Efficiency=useful time/total time

=transmission time/transmission +propagation time=10ms/(10ms+15ms)

=2/3

so Effective bandwith utilized=(2/3)*10Mbps

Let there be N stations,throughput of each station should be 2/3 Mbps according to problem statement

so N *2/3 =Effective bandwith

N*2/3=(2/3)  * 10

N=10

0
this is correct.

For each station slot time is tx + tp(transmission time+prop. delay)

tx = 100b/10Mbps = 10μs

tp = d/v = 5μs

So slot time is 15μs

If there are N stations then total cycle time is 15Nμ sec

efficiency will be useful time/total time ie (transmission time/total time) = (10μ/15Nμ)

throughtput is eff*bandwidth => (10/15N)*10Mbps = (2/3)Mbps.

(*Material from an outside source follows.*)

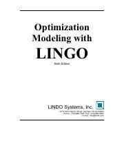 LZA - Free PDF Optimization Modeling With Lingo Solution Manual PDF BookBoon

Solving this for N gives N as 10

0
@arjun sir . if i just find the efficency if one sytem is there it will be tt/tt+tp where tt is transmissin time and tp is propogation delay . so it will be 10/15 which is equal to 2/3 which means efficency with one system is 2/3 then it should be one system only. i think so .
+2
some doubt..in 1 cycle ie 15*N msec..why useful time is 10 micro sec..? shouldn't each station transmit..1 packet each n transmission time as 10*N ms?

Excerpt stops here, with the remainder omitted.